■ What you have to do: Starting at the first line of the entries below, restate each line exactly until you reach the line with "단순한 구호가 아니라", and print that one too. Leave the pictures out and stop there.

■ Data in this exercise:

******************************

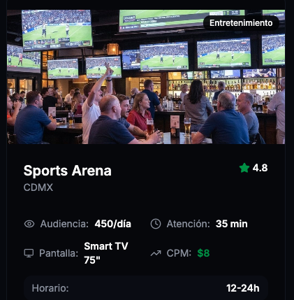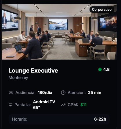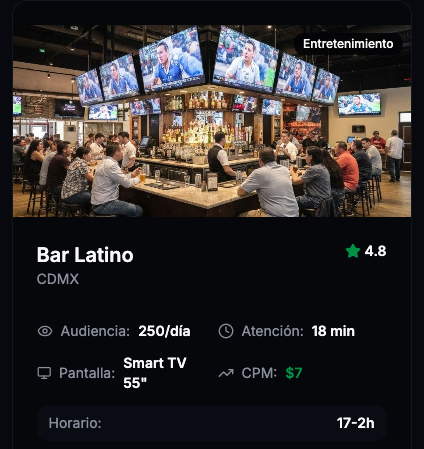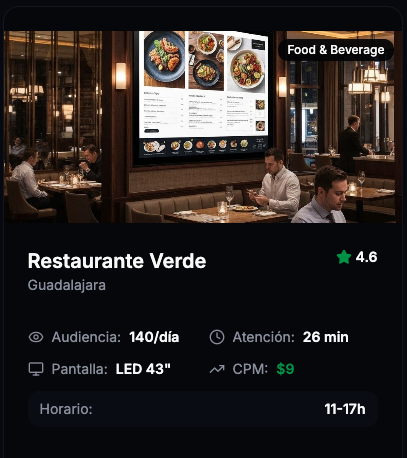 ¿Tienes pantallas en tu restaurante, bar, gimnasio u hotel? Únete a la red nacional y genera ingresos mensuales por pantalla rentando espacios publicitarios.
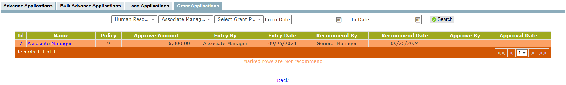 - Select Employee, Grant Policy and click Search to apply filter
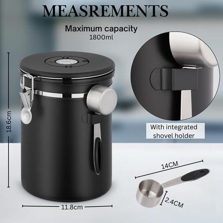 – Large Capacity Storage: Generously sized canister holds up to 1.8L / 1800g of coffee beans , Includes a measuring spoon for easy scooping of beans or ground coffee
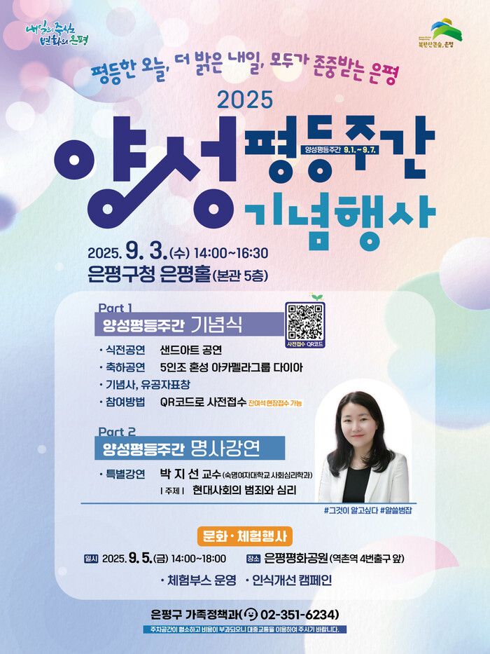 김미경 은평구청장은 “양성평등은 단순한 구호가 아니라 안전하고 행복한 일상을 가능하게 하는 기본 가치”라며 “이번 행사를 통해 구민 모두가 서로를 존중하며 성차별 없는 도시, 은평을 함께 만들어가는 계기가 되길 바란다”고 말했다.
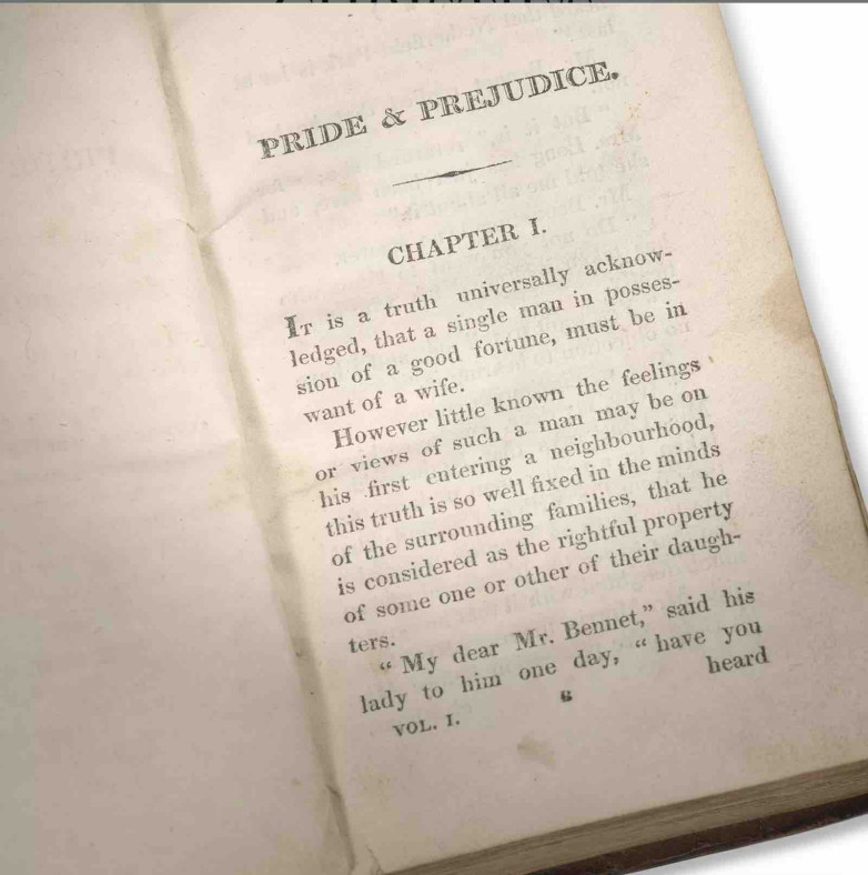 Pride and Prejudice , first edition, contemporary binding, ownership inscriptions dated less than eight weeks after publication. Estimate $120,000-$180,000.
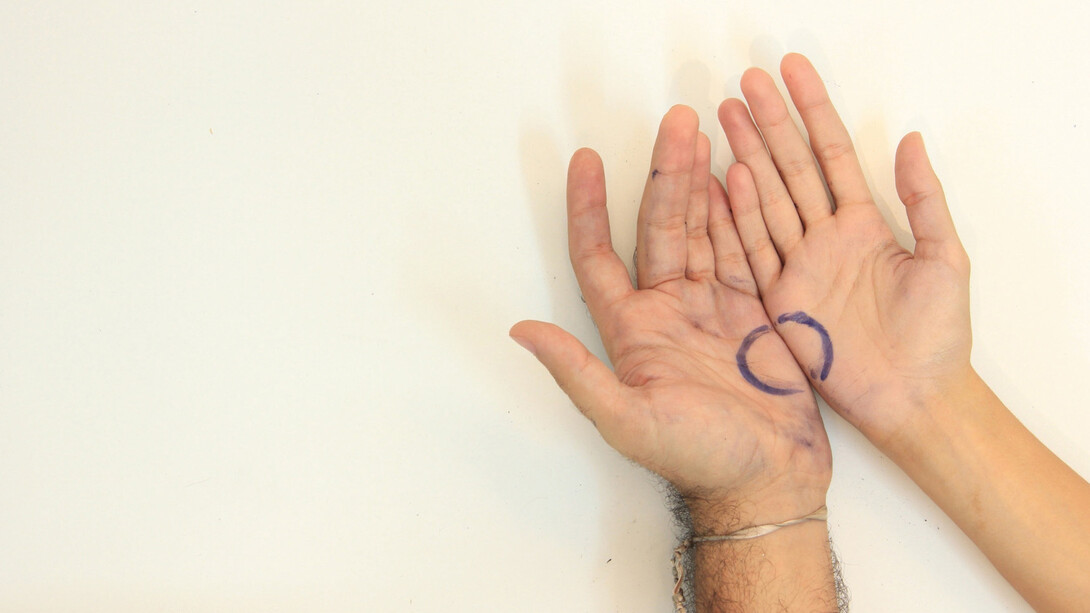 On the other hand, in another room of the exhibition, Lines (2011, in collaboration with Luciana Paiva) employs similar technical principles in the making of a simple allegory of the "anima" which the cartoon lends to the traces. The illusion that the succession of frames creates - that the static sketches are alive and moving - becomes almost palpable when are drawn in the hands of a man and a woman that meet, converge and depart in a miniature dance that could never end. Thus, repetition and invention are levelled up in a single plane, as if they never needed to have been designed separately.

******************************

■ Answer space:
 ¿Tienes pantallas en tu restaurante, bar, gimnasio u hotel? Únete a la red nacional y genera ingresos mensuales por pantalla rentando espacios publicitarios.
 - Select Employee, Grant Policy and click Search to apply filter
 – Large Capacity Storage: Generously sized canister holds up to 1.8L / 1800g of coffee beans , Includes a measuring spoon for easy scooping of beans or ground coffee
 김미경 은평구청장은 “양성평등은 단순한 구호가 아니라 안전하고 행복한 일상을 가능하게 하는 기본 가치”라며 “이번 행사를 통해 구민 모두가 서로를 존중하며 성차별 없는 도시, 은평을 함께 만들어가는 계기가 되길 바란다”고 말했다.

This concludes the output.